_DATASET EXTRACT_
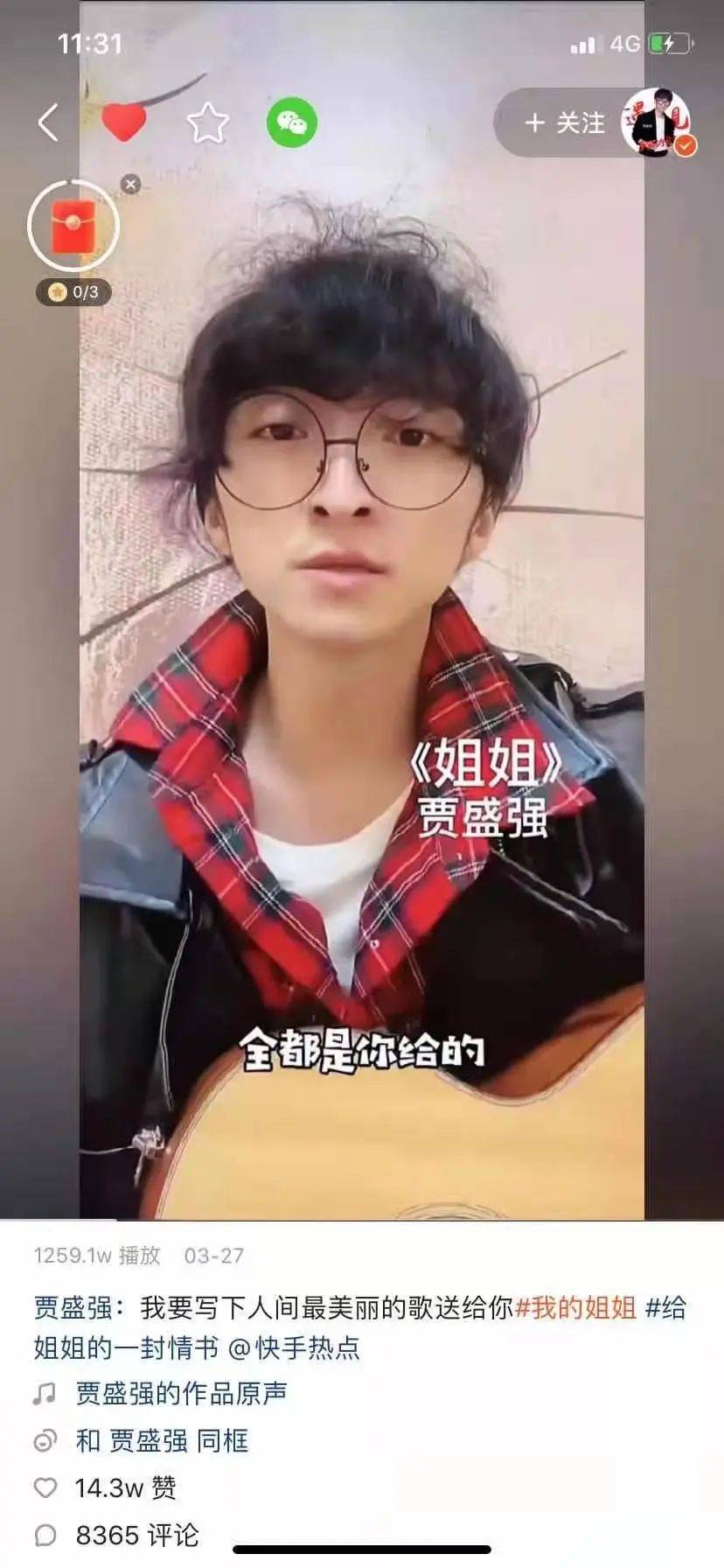 快手音乐人贾盛强曾是2013年快乐男声全国十强,曾以一首《姐姐》晋级,后来这首单曲收录在他的合辑《追梦敢不敢》中。如今,他再次弹唱《姐姐》,在快手上引发了翻唱《姐姐》的二创风潮。
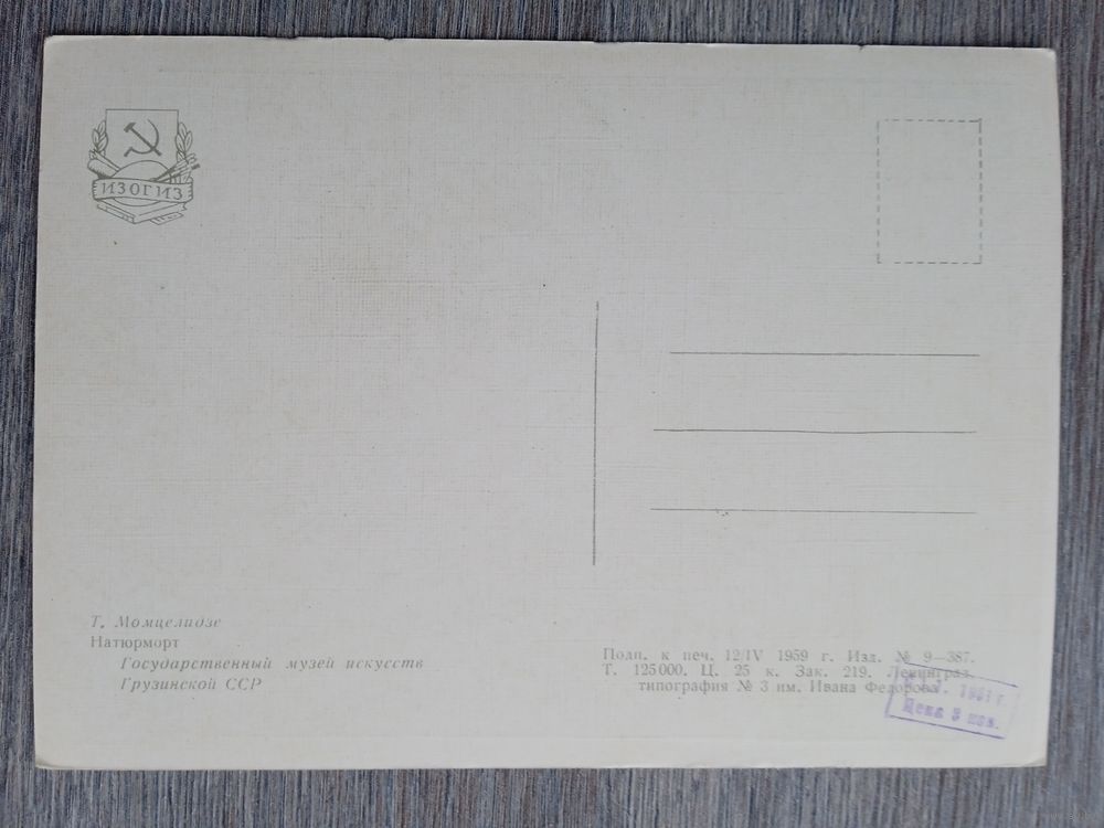1959. Момцелидзе. Натюрморт
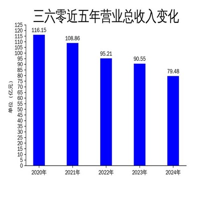 從財務數據來看,其業績下滑趨勢明顯,虧損局面不斷加劇。2022 - 2024 年,360營業收入分別為95.21億元、90.55億元、79.48億元,同比下降12.54%、4.89%、12.23%;歸母淨利潤分別為虧損22.04億元、4.92億元、10.94 億元 ,三年虧損額合計高達37.9億元。2025 年第一季度,雖營業收入同比增長 8.39%,但淨利潤虧損2.73億元,同比增虧149.16%。
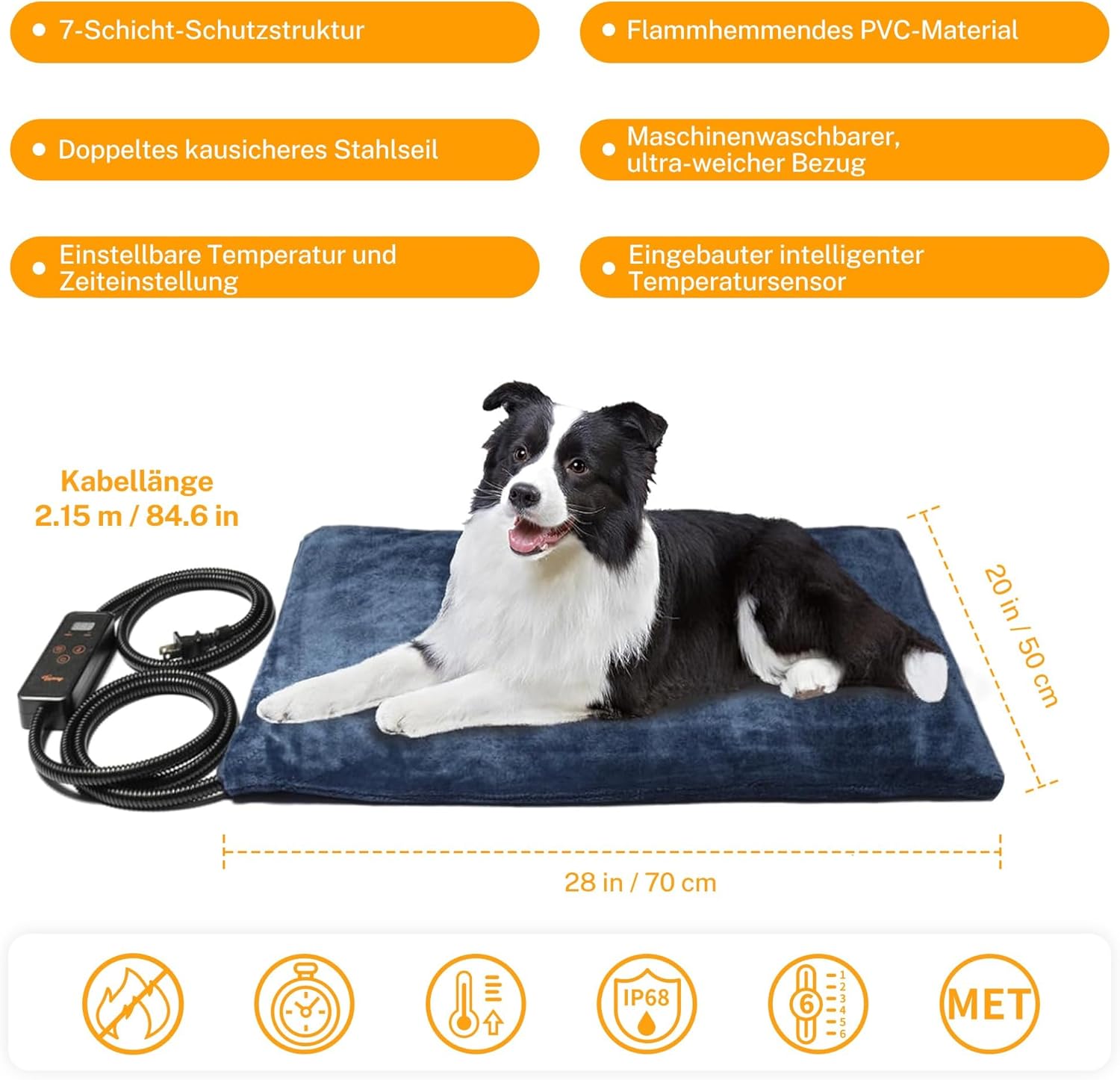 • Безопасна двойна застраховка: 7-слойна защитна структура с UL одобрен нагревателен проводник. Освен това, нагревателният проводник е покрит с проводник за измерване на температурата, така че нагревателната постелка за домашни любимци се изключва автоматично, стига предпазителят да се нагрее до над 55° (131°F) на едно място. Много по-безопасно е от регионален сензор.

_WORK ORDER_
A word-for-word copy is needed, starting at the first line of the listing and ending with the line bearing "從財務數據來看,其業績下滑趨勢明顯,虧損局面不斷加劇。2022 - 2024". No pictures.

_RESPONSE TO THIS EXERCISE_
 快手音乐人贾盛强曾是2013年快乐男声全国十强,曾以一首《姐姐》晋级,后来这首单曲收录在他的合辑《追梦敢不敢》中。如今,他再次弹唱《姐姐》,在快手上引发了翻唱《姐姐》的二创风潮。
1959. Момцелидзе. Натюрморт
 從財務數據來看,其業績下滑趨勢明顯,虧損局面不斷加劇。2022 - 2024 年,360營業收入分別為95.21億元、90.55億元、79.48億元,同比下降12.54%、4.89%、12.23%;歸母淨利潤分別為虧損22.04億元、4.92億元、10.94 億元 ,三年虧損額合計高達37.9億元。2025 年第一季度,雖營業收入同比增長 8.39%,但淨利潤虧損2.73億元,同比增虧149.16%。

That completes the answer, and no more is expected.